Looking forward to your going out of business sale.  Hope you have some good stuff I can use.

About 1 in 10 people on the entire freaking planet are on facebook.  Something like 800 million users out there.  If you won't provide people pics to share with their friends via social networking, I think you are destined to fail.  We may not like what they do with the images once they get them, but, IMO, it's an essential service at this point.

If you won't offer them, your competition will.


----------



## naptime (Dec 18, 2011)

in screen printing I often have to provide my customers a proof. They can run with that to a competitor if they like. 

you have to make it difficult or undesirable. 

if your watermark can be cropped, then its not big enough.

straight across the middle, or the most important part of the photo etc. Something that can't be edited out and is just going to look stupid. Otherwise, someone is going to print it and display it.


----------



## BastiaanImages (Dec 18, 2011)

If you ever see this SIL I would definately talk to her about this. Don't pick a fight just tell her that you saw the image and that normally you'd charge for it because you're a pro-photographer and her method means you lose money. She probably didn't even think of it in this way.

off-topic: I can't image putting a low-res, badly cropped picture on my wall


----------



## GeorgieGirl (Dec 18, 2011)

rub said:


> I went to a client / friends house for coffee the other day. As we were chatting, I noticed a horribly pixilated crappy framed image from her last session. It was a maternity shoot/family shoot with her bf's sister, husband and kid as well. When she saw me notice the picture she said, oh yeah, sister in law gave me that.
> 
> I said "I'm sorry you have such a poor quality print - SIL must have saved her screen and then cropped it. In the new year we can order you a professional print if you like." It's still upsetting me. They haven't purchased any of the images yet, even though everytime I see them they say they loved them.
> 
> How would you handle the same situation?



I'm not sure that I would consider them a friend any longer after what they just did to *you. *

There are always people who don't think the cost of prints are worth it to them and find ways to take a photo or two and print them for their benefit anyway even if the print is of a diminsihed quality. But if your relationship was one where you considered them a friend; they don't appear to respect you. Yes they think the photos are good, from what I have seen of your work I am sure they were and you have no reason to doubt that.

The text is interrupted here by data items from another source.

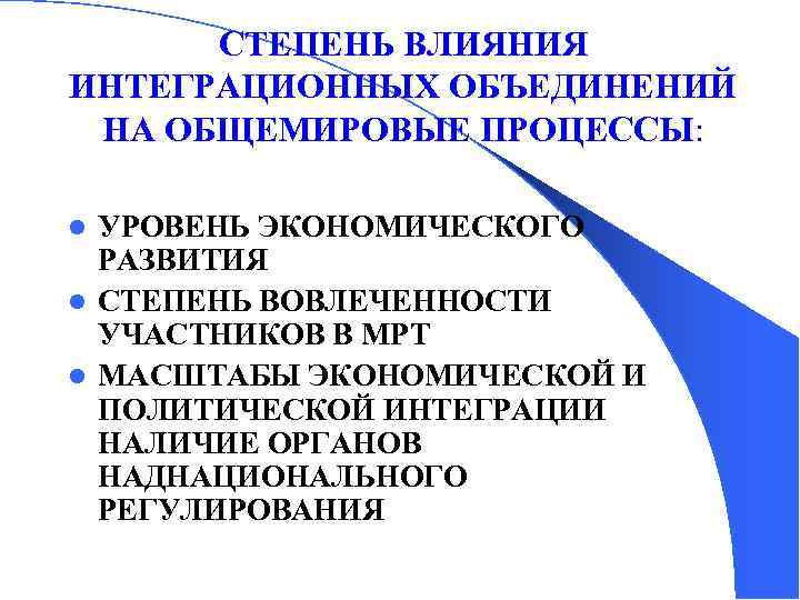 СТЕПЕНЬ ВЛИЯНИЯ ИНТЕГРАЦИОННЫХ ОБЪЕДИНЕНИЙ НА ОБЩЕМИРОВЫЕ ПРОЦЕССЫ: УРОВЕНЬ ЭКОНОМИЧЕСКОГО РАЗВИТИЯ l СТЕПЕНЬ ВОВЛЕЧЕННОСТИ УЧАСТНИКОВ В МРТ l МАСШТАБЫ ЭКОНОМИЧЕСКОЙ И ПОЛИТИЧЕСКОЙ ИНТЕГРАЦИИ НАЛИЧИЕ ОРГАНОВ НАДНАЦИОНАЛЬНОГО РЕГУЛИРОВАНИЯ l
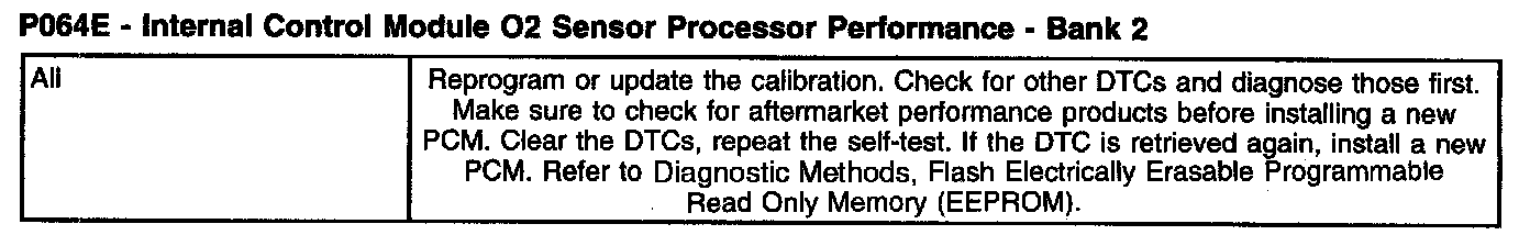 P064E - Internal Control Module O2 Sensor Processor Performance - Bank 2 (Part 1):
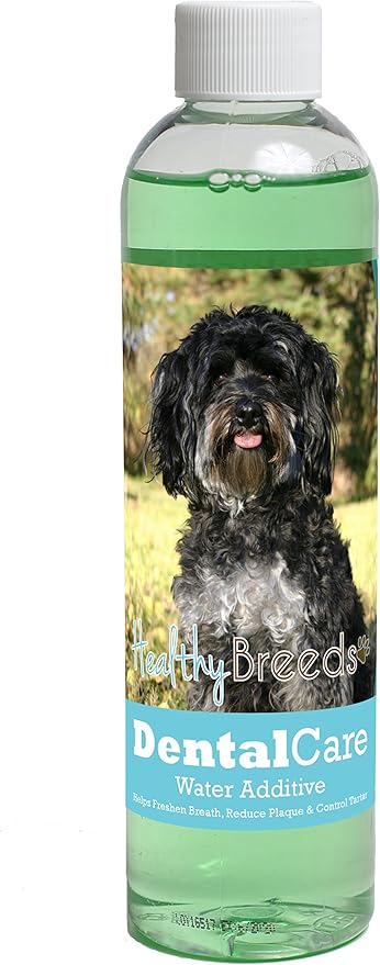 • Healthy Breeds Dental Care Water Additive is a veterinarian formulated, simple way to support your dog’s oral health
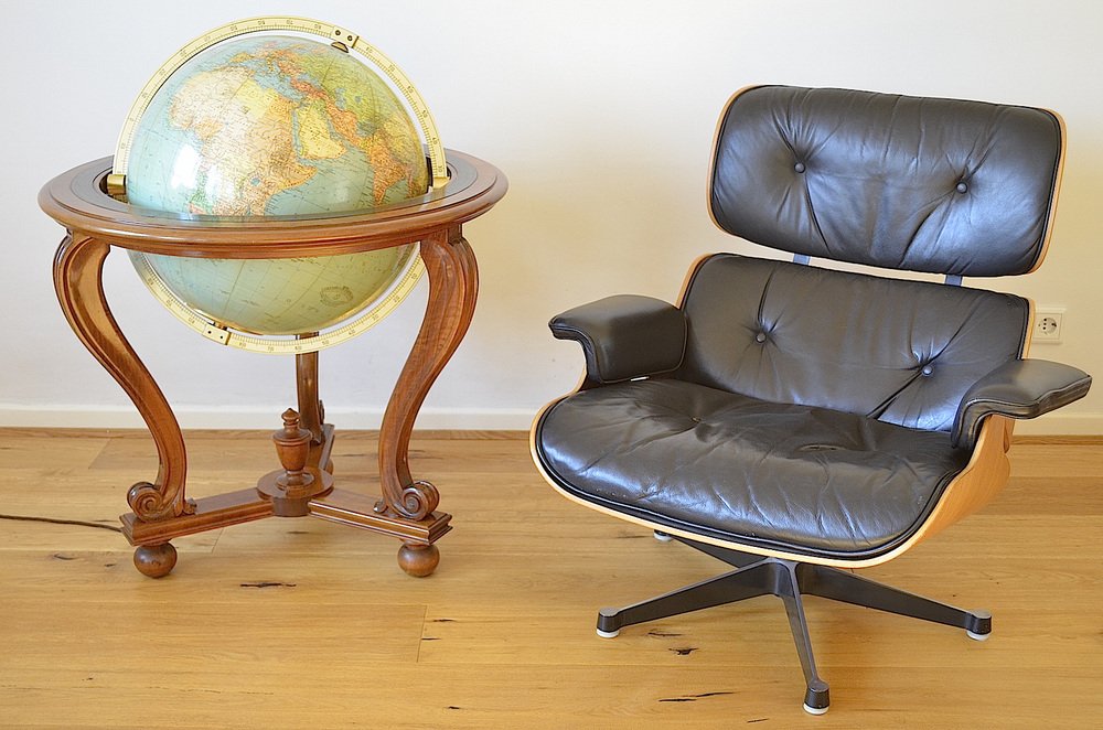 La sfera del mappamondo è appesa alla struttura del telaio in modo semicardanico ed è quindi molto flessibile quando la si considera.
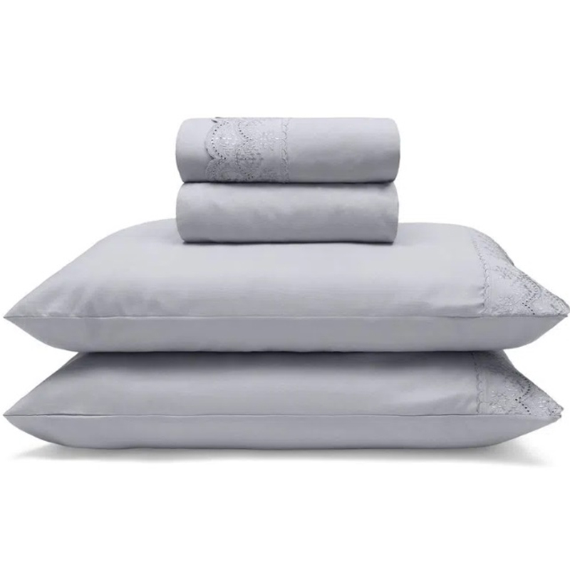 Jogo de Cama Buettner Casal Linha Sonata c/ Renda Amy 4 peças Cinza
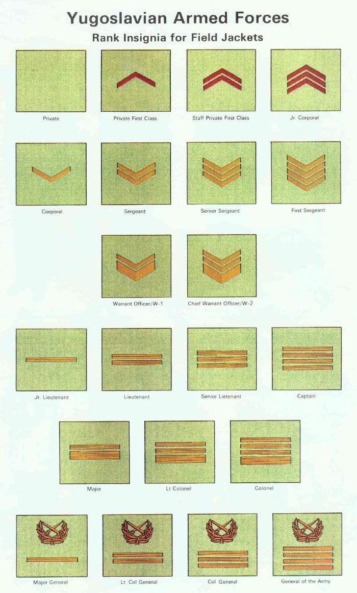 YUGOSLAV PEOPLES ARMY INSIGNIA AND RANK CHARTS
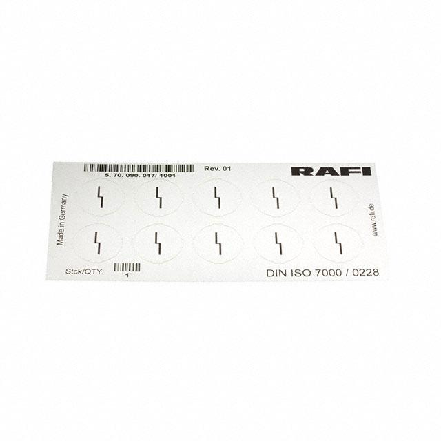 This is manufactured by RAFI USA. The manufacturer part number is 5.70.090.017/1001. It is assigned with possible HTSUS value of 8538.90.8180. It is shipped in bulk package . The product is rohs3 compliant. It is a type of legend sheet accessory. In addition, it is reach unaffected. Its typical moisture sensitivity level is not applicable. Moreover, it corresponds to 5.70090, a base product number of the product. It has a long 4 weeks standard lead time. The product is suitable for use with rafix 22 fs and 30 fs series. The product is designated with the ear99 code number.
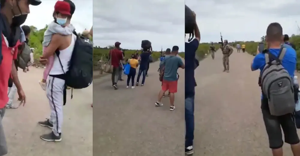 Uno de los militares tuvo que hacer disparos al aire para hacer retroceder al grupo de ciudadanos venezolanos, quienes había caminado con sus equipajes en el hombro y niños en brazo.

I think as a phtographer you have to drop this client, and to take it a step further it might be necessary to remove that session from your site so they don't help themselves to any more of your work since you know that they have. You can do all of this without having to have a dialog with them. If they ever do ask where the photos went, you can speak with them about the incident as a professional, and not as a friend. 

:cry:


----------



## Robin Usagani (Dec 18, 2011)

It wont bother me one bit.  On my portrait session they either pay low session fee and they must buy prints from me, OR buy ALL files from a reasonable price.  Everyone always choose to buy all files.  Really though, how much do you charge for a 4x6? I bet they can only print a 4x6 from a screen capture.  How much money did you lose?  Nothing to be upset about.


----------



## manaheim (Dec 18, 2011)

I've been of the mind to simply sell digital only and not bother with the prints.  "If you want your pictures, you pay in full and then you get the images."  Done and done.  Not sure how well this would work, but it seems like an easier way to address the whole problem.

I'd be curious what the pros here think about this.

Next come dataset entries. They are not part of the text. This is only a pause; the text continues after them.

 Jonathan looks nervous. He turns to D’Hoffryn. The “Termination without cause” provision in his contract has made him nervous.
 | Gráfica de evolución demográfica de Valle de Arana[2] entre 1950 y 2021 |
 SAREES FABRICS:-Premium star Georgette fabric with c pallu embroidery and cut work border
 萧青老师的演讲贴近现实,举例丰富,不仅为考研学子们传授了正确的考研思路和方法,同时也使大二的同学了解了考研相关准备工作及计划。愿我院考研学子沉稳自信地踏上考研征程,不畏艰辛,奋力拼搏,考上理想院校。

xposurepro's post is educational and alarming.


----------



## Robin Usagani (Dec 18, 2011)

If it is a portrait session you need to sell ALL or NONE.  If you sell the digital one by one, it will make the price too expensive if they want all the photos, but then again it is too cheap if they only buy a few files and print big prints them self. 

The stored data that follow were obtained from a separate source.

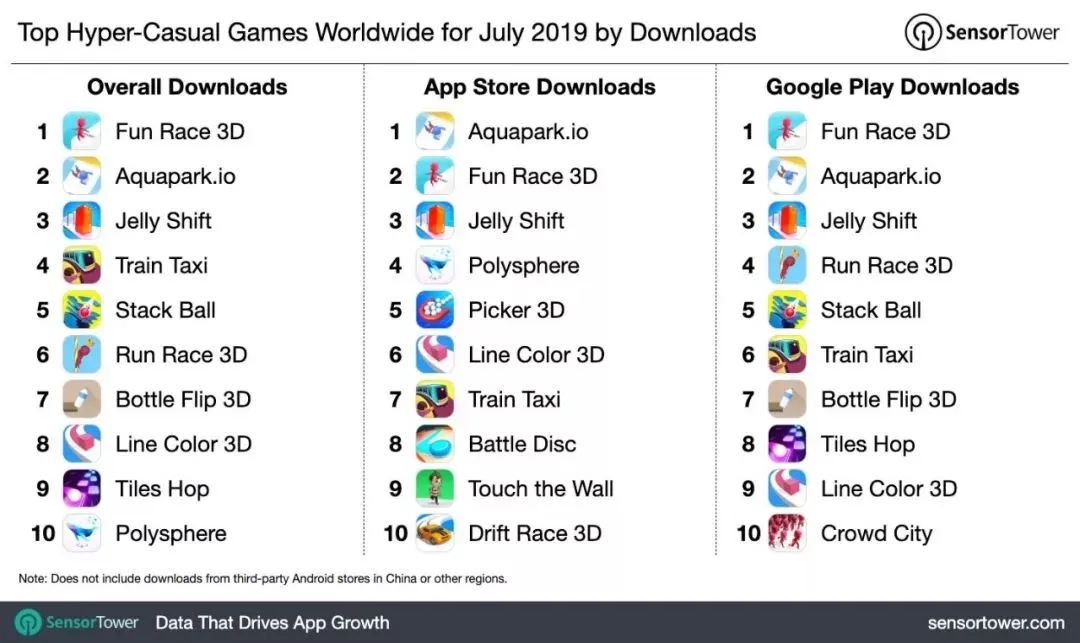 近日,知名数据机构Sensor Tower公布了2019年7月全球超休闲游戏下载排名,其中综合排名中位列TOP5的分别是《Fun Race 3D》、《aquapark.io》、《Jelly Shift》、《Train Taxi》和《Stack Ball 3D》,其中发行时间最早的《aquapark.io》也才上线不到半年,剩下的几款游戏均是6月左右相继上线,这也较为符合行业对于超休闲游戏的预估。
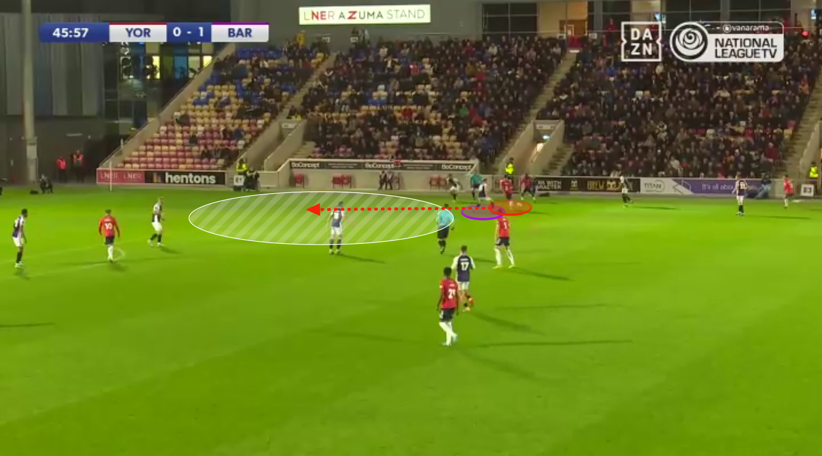 As we can see below, York’s left-back, Cameron John, had been forced to press forwards. Batty had to track the run from deep, but this was difficult for him to do so. As a result, the attacker could easily meet the through pass and cross the ball into the penalty area.
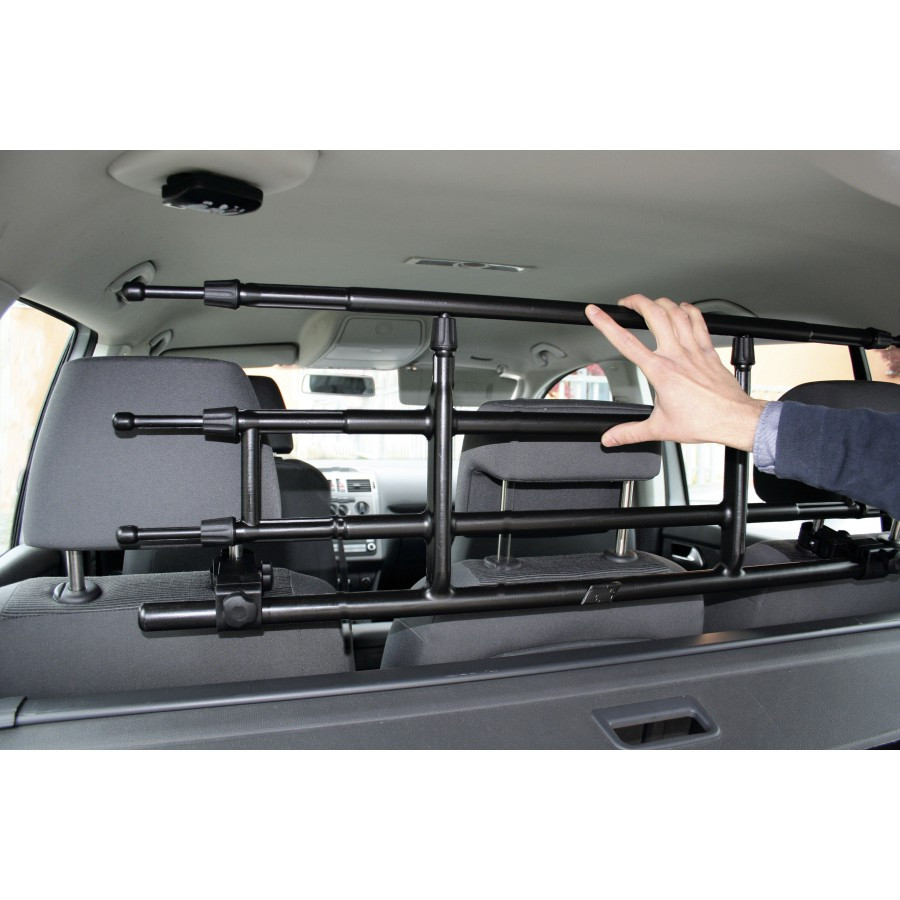A fully pre- assembled Easy-System dog guard. With only 2 clamps, it fits directly behind the front seats or after the rear seat. This makes it also suitable for cars without a bench but with seats in the back. (VW Touran, Renault Scenic etc) This makes this dog guard suitable for all cars with an interior space of 85 cm or more. The G3 Universal Dog Guard 'Pratico' is made of coated steel, universally applicable and is attached to the headrest.

For events photos I do sell the file one by one.



manaheim said:


> I've been of the mind to simply sell digital only and not bother with the prints.  "If you want your pictures, you pay in full and then you get the images."  Done and done.  Not sure how well this would work, but it seems like an easier way to address the whole problem.
> 
> I'd be curious what the pros here think about this.
> 
> xposurepro's post is educational and alarming.


----------



## xposurepro (Dec 18, 2011)

Kerbouchard said:


> xposurepro said:
> 
> 
> > We start out by doing all in-studio sales. There are no sneak peeks on a blog or Facebook. They see them during the ordering session and there are no proofs to take home or option for me to upload a gallery somewhere so they can goof around for a month looking at them before ordering. We have minimum purchase requirements based on the type of client session and what session options or add ons were selected. This prevents us from having to worry about somebody coming in and order 5 4x6s then scanning them and never coming back for more. The client is not left alone with their images displayed for them to snap off crappy shots with their cell phones (people will do that). When going over the product line we include the High-Res digital files stating they are $300 each and we clearly emphasize the fact that purchasing these files comes with the legal documentation that is required in order to make prints from the files we provide or if you want to scan the prints you purchase. Note we don't say "Yeah you can print from them" .. they are being clearly educated that legal documentation is required for printing from files *AND for scanning prints*. If they are the type of people who will do it no matter what it doesn't change anything. However, we have educated them on right and wrong and that's all you can do there.
> ...



My competition does offer them .. and they also struggle to make a profit too. I on the other hand don't care about the 800 million people on Facebook who cringe at the thought of our $400 minimum purchase. I prefer shooting the ones who can drop a couple grand on family photos and as I'm swiping their card they just laugh and say Whew I should have been a photographer .. then they go out and tell those in their real world circles about how happy they were with the experience. We realized a long time ago that although social media like Facebook brought us in front of the masses it did not have an effect on bringing in the top-end clients. Those clients are still more influenced by traditional means. They might check us out online before coming in for a consultation but that's not "why" they checked us out. Many of our big spenders make it all the way to session day without ever once looking at us on Facebook or sometimes even our website. They're going purely on real world interactions and influences. In fact this year we have had a major percentage of new clients traveling from a specific area an hour away .. to the point we are considering relocating closer to it as it is also a very high-income location. Interesting enough is that online marketing played an extremely little part .. they came through traditional loyalty & referral programs. Facebook is not "the" answer .. it's simply the easy one.


----------



## Kerbouchard (Dec 18, 2011)

Must have been my mistake.  I had looked at your website and all of the threads you have started on this forum.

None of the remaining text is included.